ASSIGNMENT: Count how many lines in the data hold "white". Only the number.

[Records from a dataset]
<<<<
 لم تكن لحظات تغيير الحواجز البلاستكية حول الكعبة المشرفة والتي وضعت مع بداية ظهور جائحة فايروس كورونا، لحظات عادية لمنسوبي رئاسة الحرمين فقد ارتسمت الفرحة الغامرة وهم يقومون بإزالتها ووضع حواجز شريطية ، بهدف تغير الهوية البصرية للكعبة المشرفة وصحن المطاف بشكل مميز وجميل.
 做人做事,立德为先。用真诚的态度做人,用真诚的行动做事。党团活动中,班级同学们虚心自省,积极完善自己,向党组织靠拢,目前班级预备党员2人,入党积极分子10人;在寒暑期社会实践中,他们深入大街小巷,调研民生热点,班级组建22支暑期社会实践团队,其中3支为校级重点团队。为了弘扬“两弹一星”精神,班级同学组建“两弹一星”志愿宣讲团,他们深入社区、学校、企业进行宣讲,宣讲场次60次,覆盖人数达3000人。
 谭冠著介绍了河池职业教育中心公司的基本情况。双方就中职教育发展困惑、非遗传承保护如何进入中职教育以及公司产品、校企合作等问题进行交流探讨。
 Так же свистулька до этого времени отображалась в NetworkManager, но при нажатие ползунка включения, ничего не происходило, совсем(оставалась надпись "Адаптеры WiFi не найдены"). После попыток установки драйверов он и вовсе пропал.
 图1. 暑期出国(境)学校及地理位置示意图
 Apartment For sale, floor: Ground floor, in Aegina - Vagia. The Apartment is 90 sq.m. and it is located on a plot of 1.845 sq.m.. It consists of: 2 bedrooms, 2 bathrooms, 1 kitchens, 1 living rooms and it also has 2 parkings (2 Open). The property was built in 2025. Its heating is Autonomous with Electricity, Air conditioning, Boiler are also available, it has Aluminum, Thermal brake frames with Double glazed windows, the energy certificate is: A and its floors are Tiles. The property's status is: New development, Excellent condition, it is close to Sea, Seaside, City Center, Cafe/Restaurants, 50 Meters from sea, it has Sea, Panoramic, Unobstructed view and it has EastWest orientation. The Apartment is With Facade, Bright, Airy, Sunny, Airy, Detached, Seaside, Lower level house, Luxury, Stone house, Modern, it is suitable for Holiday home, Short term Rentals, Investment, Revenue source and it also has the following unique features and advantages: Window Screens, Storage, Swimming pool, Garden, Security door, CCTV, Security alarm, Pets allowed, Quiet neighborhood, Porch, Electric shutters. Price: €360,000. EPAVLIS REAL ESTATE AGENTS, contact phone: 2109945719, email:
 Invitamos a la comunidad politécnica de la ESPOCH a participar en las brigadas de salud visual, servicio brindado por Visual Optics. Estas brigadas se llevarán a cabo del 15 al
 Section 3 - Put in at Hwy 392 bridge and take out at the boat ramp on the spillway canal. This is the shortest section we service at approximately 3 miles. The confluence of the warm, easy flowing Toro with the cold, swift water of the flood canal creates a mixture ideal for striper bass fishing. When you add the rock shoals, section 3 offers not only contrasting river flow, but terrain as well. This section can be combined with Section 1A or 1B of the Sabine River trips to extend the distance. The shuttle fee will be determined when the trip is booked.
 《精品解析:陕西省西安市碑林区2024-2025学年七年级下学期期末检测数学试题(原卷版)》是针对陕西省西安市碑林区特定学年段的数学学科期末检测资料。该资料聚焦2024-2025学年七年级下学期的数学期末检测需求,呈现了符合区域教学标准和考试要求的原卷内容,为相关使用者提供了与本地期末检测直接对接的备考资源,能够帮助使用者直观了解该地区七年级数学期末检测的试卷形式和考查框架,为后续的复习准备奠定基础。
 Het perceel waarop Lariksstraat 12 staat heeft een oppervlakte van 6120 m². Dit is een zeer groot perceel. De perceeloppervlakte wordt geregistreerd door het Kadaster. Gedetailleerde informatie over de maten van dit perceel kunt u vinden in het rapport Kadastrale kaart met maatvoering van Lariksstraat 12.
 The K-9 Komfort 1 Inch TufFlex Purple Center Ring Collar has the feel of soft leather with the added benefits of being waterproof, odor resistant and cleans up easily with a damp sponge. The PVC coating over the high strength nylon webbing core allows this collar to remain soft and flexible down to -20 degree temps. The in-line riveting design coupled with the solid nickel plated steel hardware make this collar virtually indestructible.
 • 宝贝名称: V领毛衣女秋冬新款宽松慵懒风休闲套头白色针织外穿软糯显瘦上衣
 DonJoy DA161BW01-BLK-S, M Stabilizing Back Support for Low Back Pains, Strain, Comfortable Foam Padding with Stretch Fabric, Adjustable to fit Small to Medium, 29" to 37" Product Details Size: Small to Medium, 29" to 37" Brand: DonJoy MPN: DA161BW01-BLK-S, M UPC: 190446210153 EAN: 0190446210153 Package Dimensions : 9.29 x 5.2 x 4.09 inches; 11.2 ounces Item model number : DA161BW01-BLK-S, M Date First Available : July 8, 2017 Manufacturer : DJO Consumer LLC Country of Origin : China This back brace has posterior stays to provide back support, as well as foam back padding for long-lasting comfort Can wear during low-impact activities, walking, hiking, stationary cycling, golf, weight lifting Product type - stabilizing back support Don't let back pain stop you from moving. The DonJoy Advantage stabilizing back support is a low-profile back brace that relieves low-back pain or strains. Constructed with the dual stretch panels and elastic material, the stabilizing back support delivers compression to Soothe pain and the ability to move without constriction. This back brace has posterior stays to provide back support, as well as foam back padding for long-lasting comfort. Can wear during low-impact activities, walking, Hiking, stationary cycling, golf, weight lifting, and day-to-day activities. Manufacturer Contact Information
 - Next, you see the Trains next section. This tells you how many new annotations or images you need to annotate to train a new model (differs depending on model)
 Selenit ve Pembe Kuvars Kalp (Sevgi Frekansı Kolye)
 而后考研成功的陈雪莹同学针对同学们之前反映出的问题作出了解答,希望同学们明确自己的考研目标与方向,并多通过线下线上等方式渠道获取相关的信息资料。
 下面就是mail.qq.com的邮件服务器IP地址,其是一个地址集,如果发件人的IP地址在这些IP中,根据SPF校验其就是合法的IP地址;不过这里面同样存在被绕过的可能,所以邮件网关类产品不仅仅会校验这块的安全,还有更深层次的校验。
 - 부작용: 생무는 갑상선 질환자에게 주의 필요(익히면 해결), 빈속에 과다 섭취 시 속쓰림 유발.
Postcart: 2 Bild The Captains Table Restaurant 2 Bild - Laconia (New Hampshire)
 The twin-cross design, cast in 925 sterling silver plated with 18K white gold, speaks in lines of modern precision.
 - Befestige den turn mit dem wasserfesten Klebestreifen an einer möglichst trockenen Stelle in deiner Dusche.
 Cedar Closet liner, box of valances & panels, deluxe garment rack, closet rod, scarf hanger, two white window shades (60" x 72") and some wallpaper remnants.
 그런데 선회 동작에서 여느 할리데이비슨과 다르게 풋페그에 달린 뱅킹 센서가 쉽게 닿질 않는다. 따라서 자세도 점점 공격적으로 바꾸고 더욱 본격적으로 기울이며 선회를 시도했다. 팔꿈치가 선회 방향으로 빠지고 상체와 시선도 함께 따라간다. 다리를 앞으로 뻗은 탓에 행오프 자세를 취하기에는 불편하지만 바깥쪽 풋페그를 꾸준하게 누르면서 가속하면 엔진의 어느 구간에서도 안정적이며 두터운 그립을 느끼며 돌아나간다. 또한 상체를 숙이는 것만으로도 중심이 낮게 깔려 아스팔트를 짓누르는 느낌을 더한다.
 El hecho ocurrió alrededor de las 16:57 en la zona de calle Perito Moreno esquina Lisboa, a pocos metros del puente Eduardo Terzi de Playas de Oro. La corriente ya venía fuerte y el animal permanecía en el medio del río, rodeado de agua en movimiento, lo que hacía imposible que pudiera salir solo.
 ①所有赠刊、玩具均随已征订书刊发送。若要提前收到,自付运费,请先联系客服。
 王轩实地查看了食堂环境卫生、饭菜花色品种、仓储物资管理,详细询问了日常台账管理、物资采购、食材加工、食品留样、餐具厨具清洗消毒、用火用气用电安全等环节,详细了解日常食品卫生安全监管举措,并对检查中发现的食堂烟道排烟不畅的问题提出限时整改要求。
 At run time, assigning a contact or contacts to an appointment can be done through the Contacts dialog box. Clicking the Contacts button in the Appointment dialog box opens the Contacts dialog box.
>>>>
PROBLEM SOLUTION: 2